Emit a verbatim copy of the lines below from the line with "Vi erbjuder dig" through the line with "В ст. 47 говорится", excluding pictures and everything outside that range.

Source records -
Segment Open

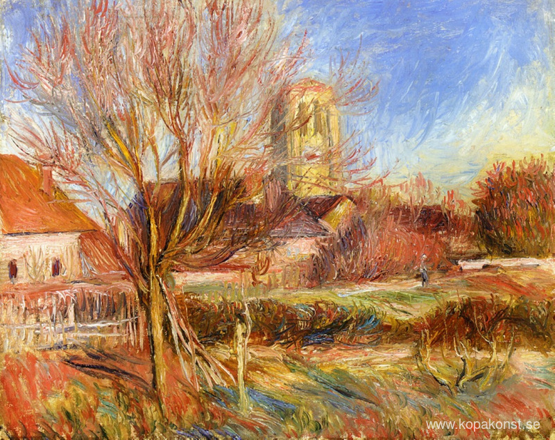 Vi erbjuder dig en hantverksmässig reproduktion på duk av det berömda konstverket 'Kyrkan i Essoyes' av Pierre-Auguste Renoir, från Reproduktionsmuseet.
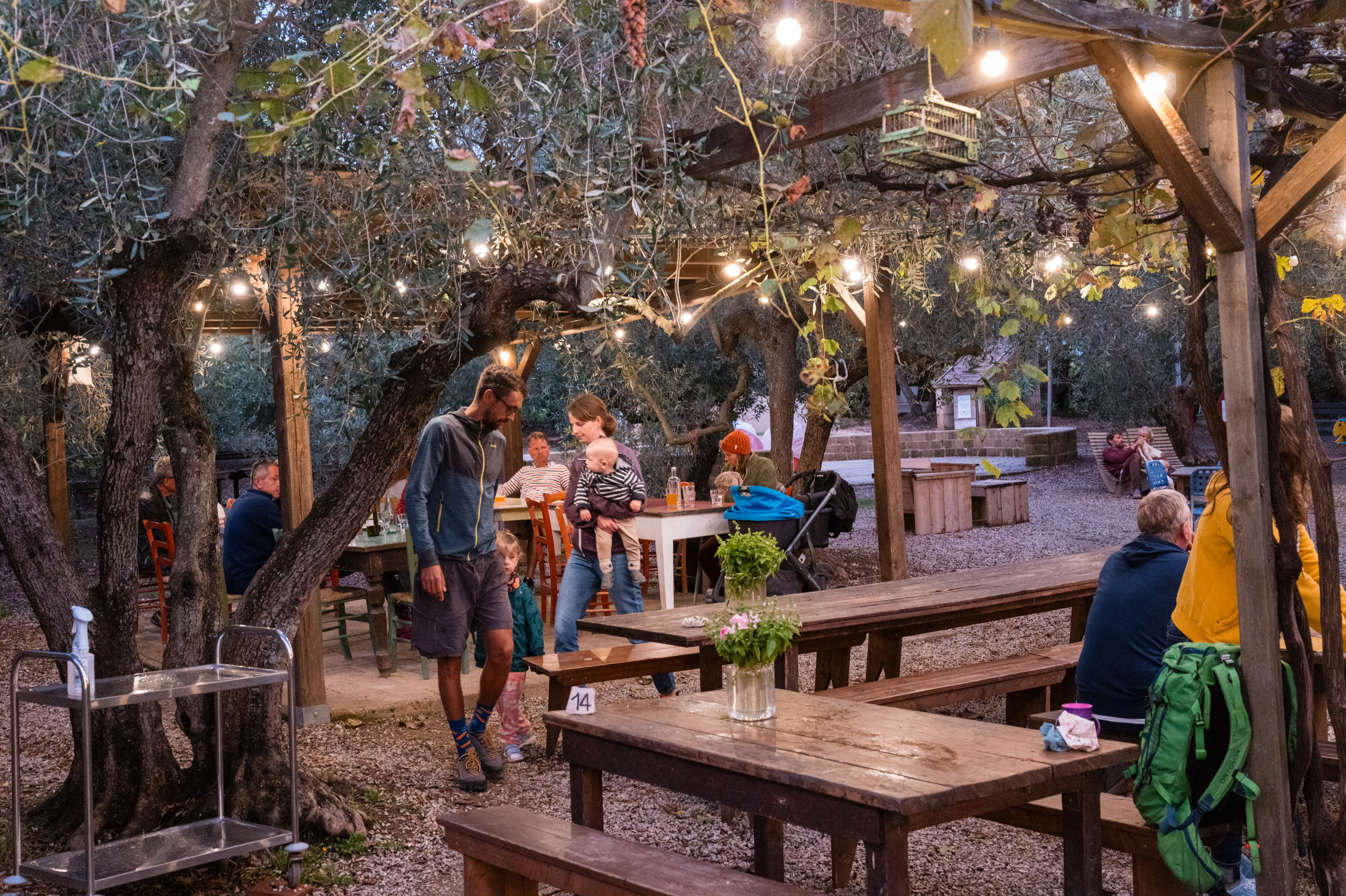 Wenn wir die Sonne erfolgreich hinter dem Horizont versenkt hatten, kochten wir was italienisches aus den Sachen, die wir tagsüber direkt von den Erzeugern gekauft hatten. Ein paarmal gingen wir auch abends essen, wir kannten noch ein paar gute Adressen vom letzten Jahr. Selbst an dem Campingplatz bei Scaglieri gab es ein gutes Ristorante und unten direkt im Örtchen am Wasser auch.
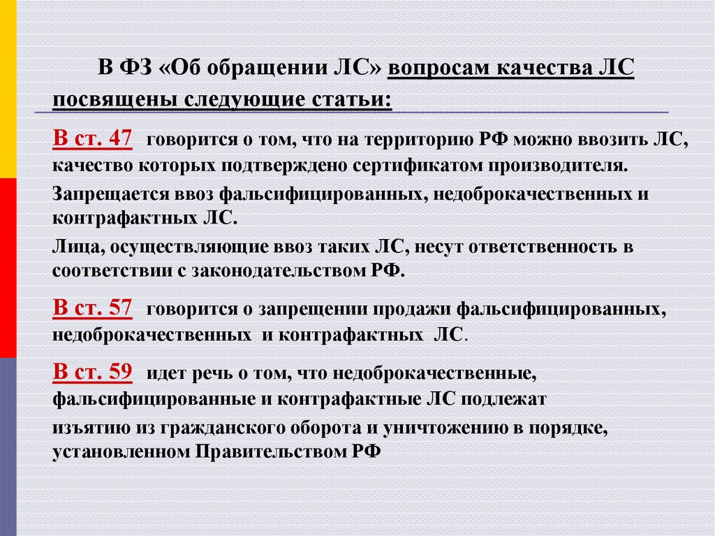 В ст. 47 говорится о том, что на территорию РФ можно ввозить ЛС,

Segment Closed
Segment Open

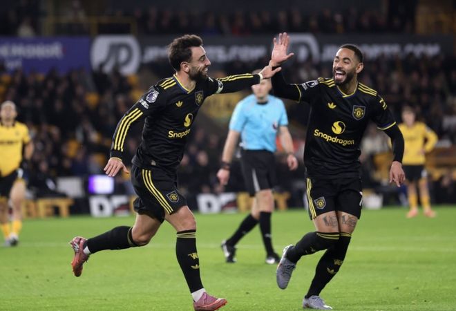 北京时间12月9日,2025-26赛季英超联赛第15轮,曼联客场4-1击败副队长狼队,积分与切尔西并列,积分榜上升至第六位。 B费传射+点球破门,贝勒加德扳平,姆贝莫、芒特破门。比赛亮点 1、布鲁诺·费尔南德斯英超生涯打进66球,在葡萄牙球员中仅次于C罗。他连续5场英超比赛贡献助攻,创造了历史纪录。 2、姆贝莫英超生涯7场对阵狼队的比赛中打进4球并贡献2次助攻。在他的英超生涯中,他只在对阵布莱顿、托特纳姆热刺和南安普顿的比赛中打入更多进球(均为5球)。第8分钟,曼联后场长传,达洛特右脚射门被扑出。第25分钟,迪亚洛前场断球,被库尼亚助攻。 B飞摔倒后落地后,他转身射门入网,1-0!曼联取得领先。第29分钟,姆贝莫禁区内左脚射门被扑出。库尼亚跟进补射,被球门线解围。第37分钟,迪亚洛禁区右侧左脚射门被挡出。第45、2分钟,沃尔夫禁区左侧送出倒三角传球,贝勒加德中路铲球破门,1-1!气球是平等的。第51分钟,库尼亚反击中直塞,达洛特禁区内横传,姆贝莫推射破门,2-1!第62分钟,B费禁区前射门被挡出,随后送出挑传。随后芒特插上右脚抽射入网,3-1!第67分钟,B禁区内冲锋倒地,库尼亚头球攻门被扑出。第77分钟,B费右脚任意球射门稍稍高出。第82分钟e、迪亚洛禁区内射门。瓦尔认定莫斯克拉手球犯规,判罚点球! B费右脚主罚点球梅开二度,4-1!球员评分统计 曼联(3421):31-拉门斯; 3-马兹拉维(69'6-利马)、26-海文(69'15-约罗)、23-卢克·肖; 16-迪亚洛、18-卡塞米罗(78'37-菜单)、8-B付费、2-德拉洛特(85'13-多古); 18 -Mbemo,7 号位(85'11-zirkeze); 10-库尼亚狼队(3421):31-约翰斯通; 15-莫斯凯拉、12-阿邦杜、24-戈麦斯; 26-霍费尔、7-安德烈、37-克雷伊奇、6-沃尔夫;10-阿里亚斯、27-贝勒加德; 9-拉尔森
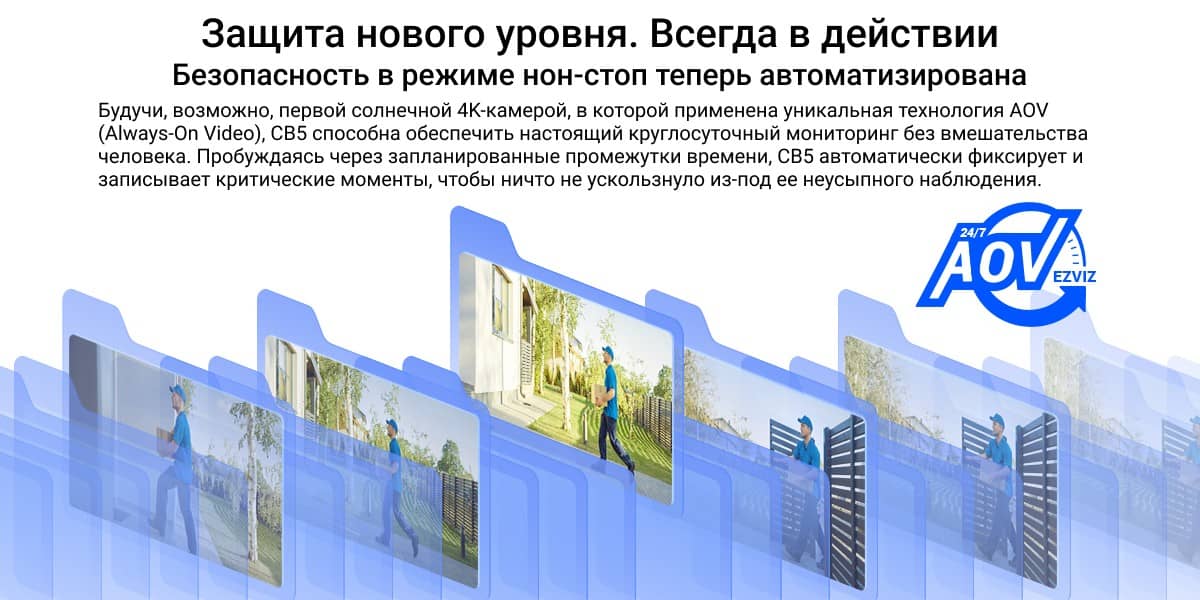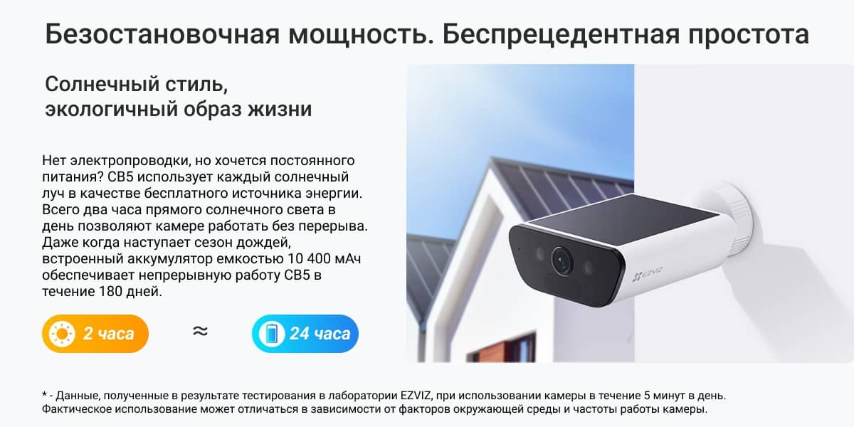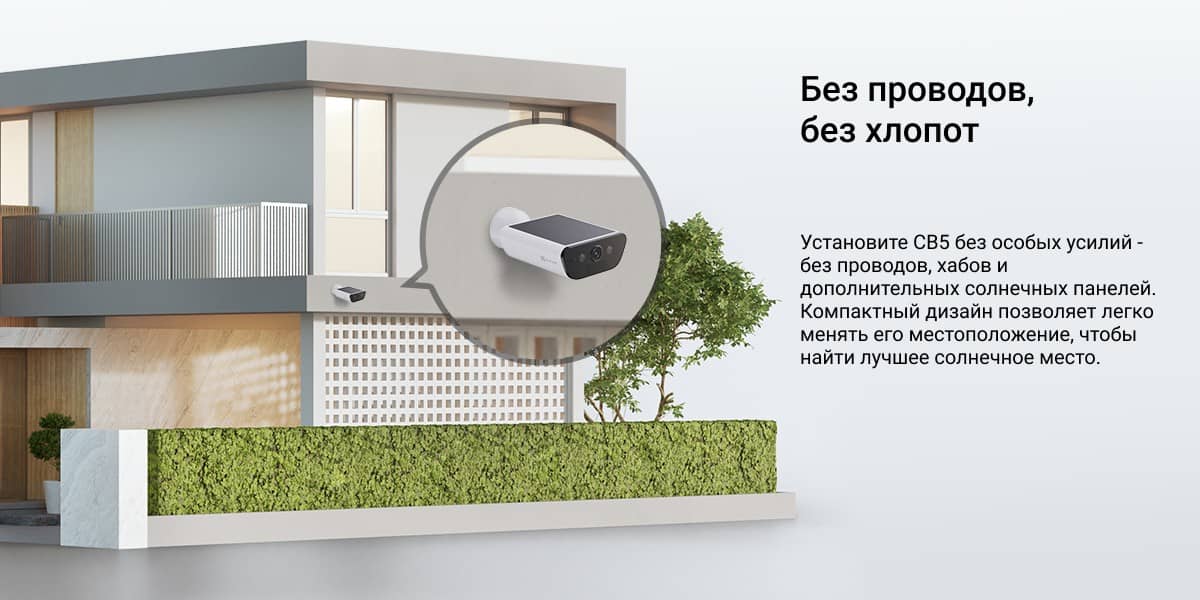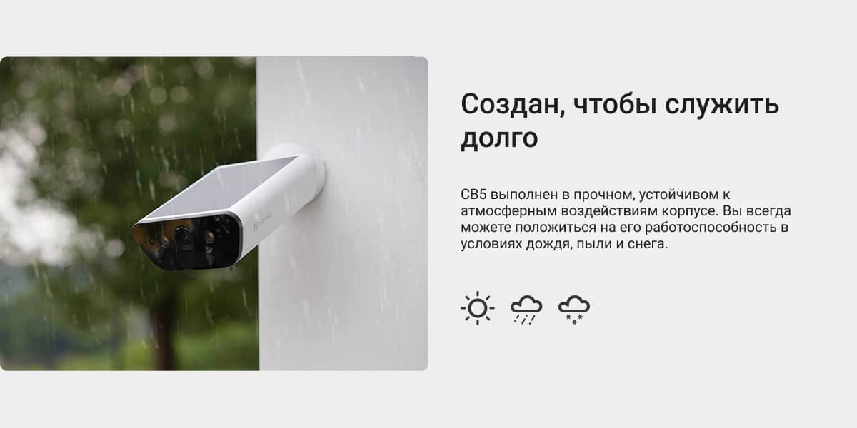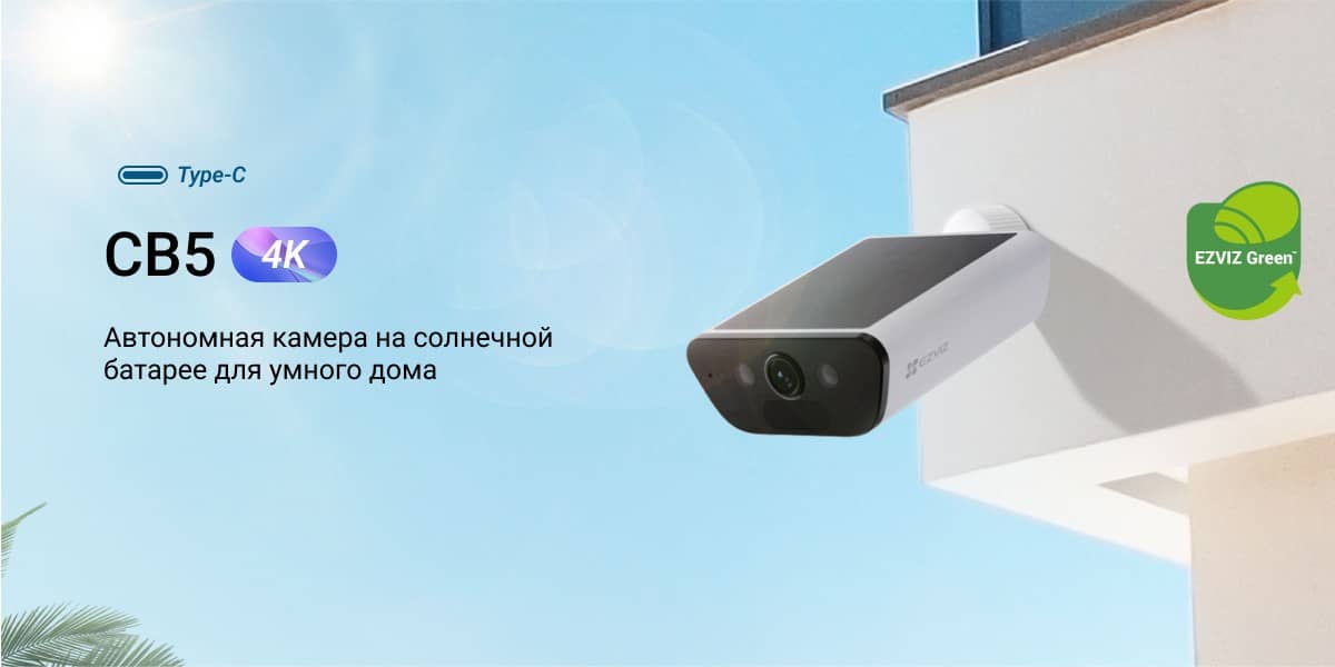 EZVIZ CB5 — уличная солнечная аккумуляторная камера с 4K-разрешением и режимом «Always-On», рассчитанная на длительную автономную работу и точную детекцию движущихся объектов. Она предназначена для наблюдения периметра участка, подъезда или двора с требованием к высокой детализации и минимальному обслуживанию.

Segment Closed

Exercise response -
 Vi erbjuder dig en hantverksmässig reproduktion på duk av det berömda konstverket 'Kyrkan i Essoyes' av Pierre-Auguste Renoir, från Reproduktionsmuseet.
 Wenn wir die Sonne erfolgreich hinter dem Horizont versenkt hatten, kochten wir was italienisches aus den Sachen, die wir tagsüber direkt von den Erzeugern gekauft hatten. Ein paarmal gingen wir auch abends essen, wir kannten noch ein paar gute Adressen vom letzten Jahr. Selbst an dem Campingplatz bei Scaglieri gab es ein gutes Ristorante und unten direkt im Örtchen am Wasser auch.
 В ст. 47 говорится о том, что на территорию РФ можно ввозить ЛС,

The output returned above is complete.